Following an accident at work that leaves you injured, whether your injuries are slight or severe and you decide to file a brain injury claim against your employer because you believe they were negligent in their duty to keep you safe from injury and harm, there are specific things that can be included in your claim so that you are awarded the level of brain injury compensation you rightly deserve. These are detailed below:

  • General damages
  • Special damages

General damages in more detail could include the following:

  • Pain and suffering
  • Loss of amenity

Special damages may be awarded which could include the following:

  • Medical expenses you incurred as a direct result of suffering a brain injury
  • Loss of earnings
  • Loss of future earnings should you not be able to work again
  • Care costs if you need daily assistance at home or if you have to go into a care home

Could I Be Awarded an Interim Payment in a Brain Injury Claim?

Because brain injury claims can involve long-term treatment and because they are often complex, long-drawn legal processes, a solicitor who specialises in accident at work claims would negotiate an interim payment for you. This is to help you financially until you receive a final settlement whether a court rules in your favour and awards you a level of compensation you rightly deserve, or your employer’s insurers offer to settle your brain injury claim out of court.

Is There a Time Limit to making a Brain Injury Claim?

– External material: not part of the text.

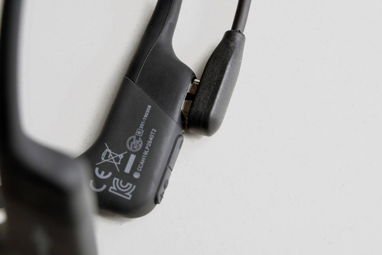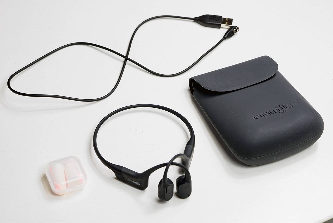 В комплекте с Aftershokz Aeropex, кроме самих наушников и двух кабелей зарядки (производитель о нас заботится), есть удобный силиконовый чехол с магнитной застёжкой и пара беруш.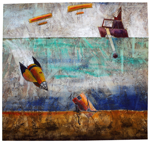 ![]() Dirigible Race Across a Mercury Sea 20" x 14" / acrylic on wood / 2011 |

As with most accident at work claims, the brain injury time limit stands at 3 years from the date you sustained your injury. This is the statutory time limit that must be adhered to. Failing to file a claim before the time limit expires, could mean you would lose out on receiving the compensation you deserve even if you can prove employer negligence. In legal terms, this is known as a claim becoming “statute barred”.

However, in some cases where the damage is not diagnosed until much later, the time limit could begin from the date a medical professional diagnosed your condition which is referred to as “date of knowledge”.

How Do No Win, No Fee Agreements Work on Brain Injury Claims?

Once a solicitor has assessed your brain injury claim and believes that you have a strong case against a negligent employer, they would typically offer to enter into a Conditional Fee Agreement (CFA) with you. This is a legal contract that outlines the Terms and Conditions of the agreement as well as the percentage you would pay on a successful brain injury claim. This is referred to as a “success fee” because should your case not be successful, you would have nothing to pay for the legal representation you received. This is known as working with a solicitor on a No Win No Fee basis.